This was the eighth shard of glass that she had taken, the soft clinks of the objects on the similarly small glass table the only thing piercing through the silence of the nothingness that surrounds her. Each soft sound made by her hold on the tweezers hid the ticking of the clock, seemingly drowning the incoming morning in a neverending cycle of metal and glass. Not that there was anything wrong with that, she deduced, metal and glass was everything she needed. In her almost twenty years of living, she had finally learned that here was nothing more calming than hearing the soft sound of glass gently hitting glass, the metal that made them meet making a high-pitched harmony of whisper-like quality. There was nothing more... joyful.
Ah, yes, the various vases livening her home were also decorated using broken glass - the small pieces stuck in the plaster that held them together. Some glass shards looked mirror-like, others transparent, others of various colors. But all of them different, brittle and jagged, imperfect but unique. No single shard was identical to another.

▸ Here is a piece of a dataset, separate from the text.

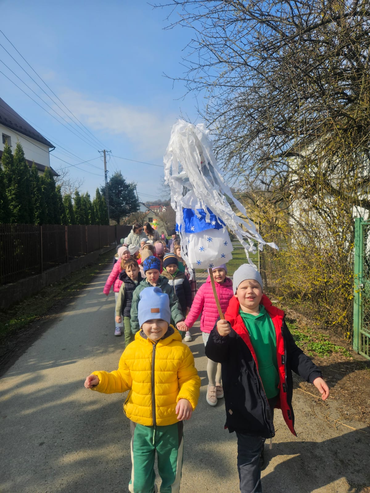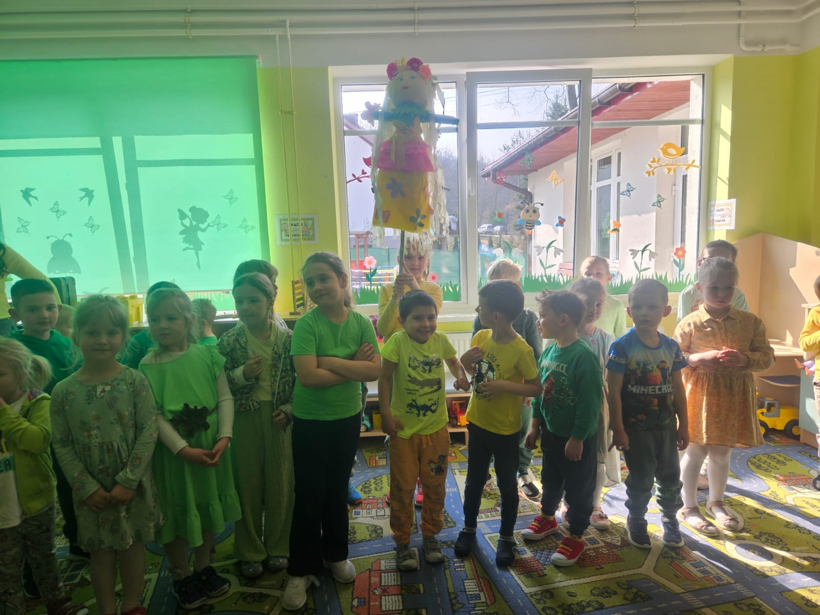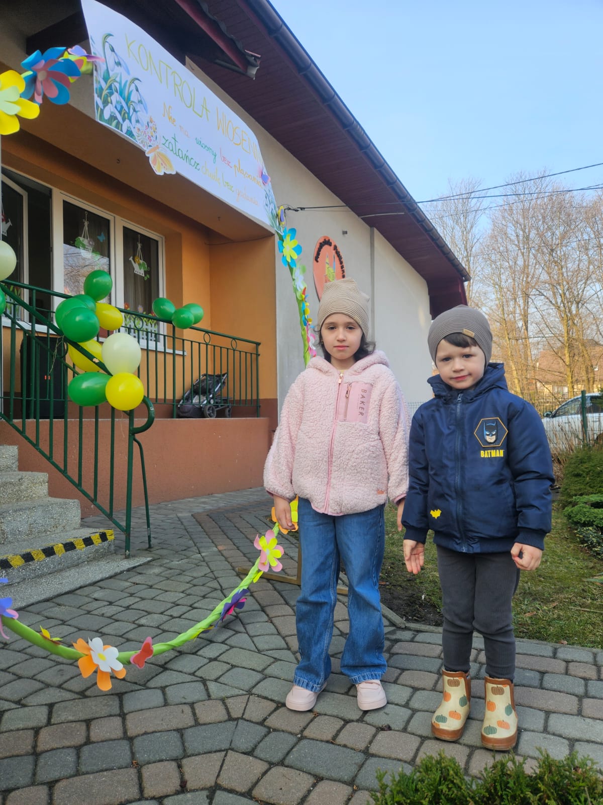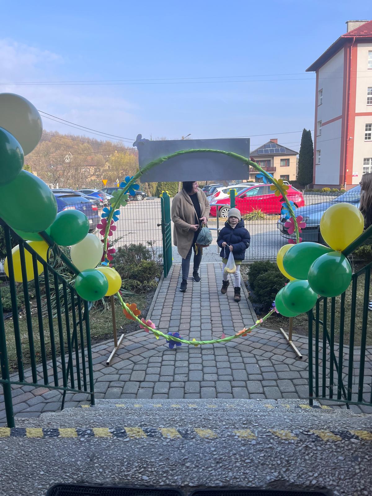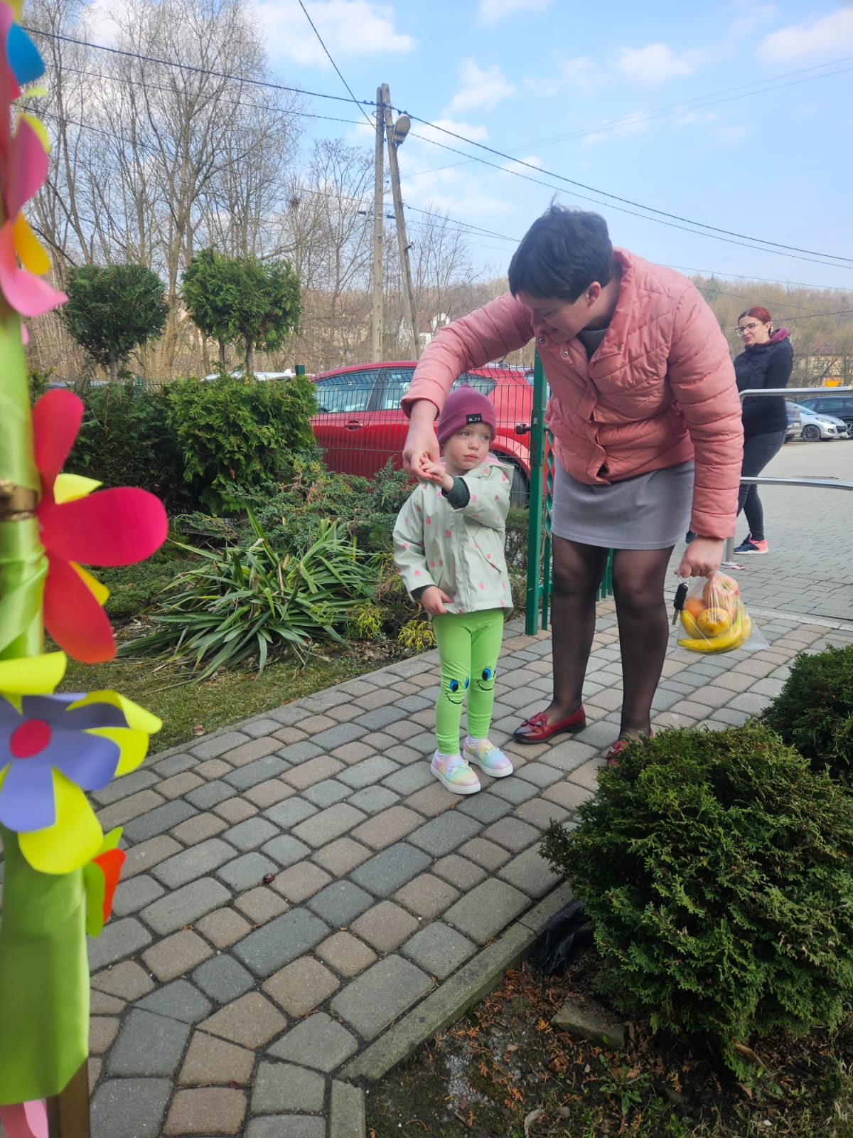 Dziś radośnie powitaliśmy długo wyczekiwaną wiosnę! Już od samego rana na dzieci czekało wyjątkowe zadanie. Przed wejściem do przedszkola, wspólnie z rodzicami, musiały wykonać polecenie: „Kontrola wiosenna – nie ma wiosny bez pląsania, zatańcz chwilę bez gadania!”. Wszyscy spisali się znakomicie i z uśmiechem rozpoczęli dzień. Następnie każda grupa zaprezentowała się, śpiewając wiosenną piosenkę oraz recytując wierszyk o wiośnie. Było kolorowo, radośnie i bardzo muzycznie! Kolejną atrakcją było wspólne przygotowanie pysznego, wiosennego soczku, który wszystkim bardzo smakował. Po nim wybraliśmy się na spacer z Marzanną oraz Panią Zimą, którą symbolicznie pożegnaliśmy, robiąc miejsce dla nowej pory roku. Nawet nasze posiłki – śniadanie, obiad i podwieczorek – miały dziś wiosenne kolory: zielony i żółty, tak jak ubrania, w które wszyscy byliśmy ubrani. Na zakończenie dnia każde dziecko otrzymało od Pani Wiosny słodki upominek – czekoladę z wiosennym wierszykiem i kwiatuszkiem. To był dzień pełen radości, zabawy i prawdziwie wiosennej atmosfery!

And all of them were beautiful.
It was just as the last piece had hit the surface of the table that she took a deep breath and let the wind hear her words. "It's done." She said, her voice soft and light, before she released the metal tweezers from her hand and stood up from the chair she was sitting.
As she turned her back and walked away, deciding to make herself a cup of coffee, she let the shards of glass slowly dot the pristine white table in an undeniable shade of red. The human head that was left on the table, almost unrecognizeable with various holes and cuts of glass at the forehead, the cheeks, and everywhere else, continued to coat the surface in red - highlighting the tips of long black hair that crowned it in the bold color. The body where it had been initially connected to was already slumped on a chair beside hers, but to that, she paid no attention. She had no use for it anymore - the big and sharp mirror shard stuck straight at its chest enough clue that she was done with it. She can dispose of it later.
Looking back one more time at her handiwork as the blood began dripping from the table, the female smiled, welcoming the coming sunrise with a sense of happiness.
Of joy.
She had seen it all, felt it all, and had even had a familiar metal pierce through her frame. But nothing will rival the feeling of glass, such a brittle object, draw blood from the depths of the human body. She was no longer Park Sooyoung - two-faced daughter of an underappreciated artist - who was an art critic by day and the devil by night.
She was Joy, and her own comes from the shards of everybody else's pain.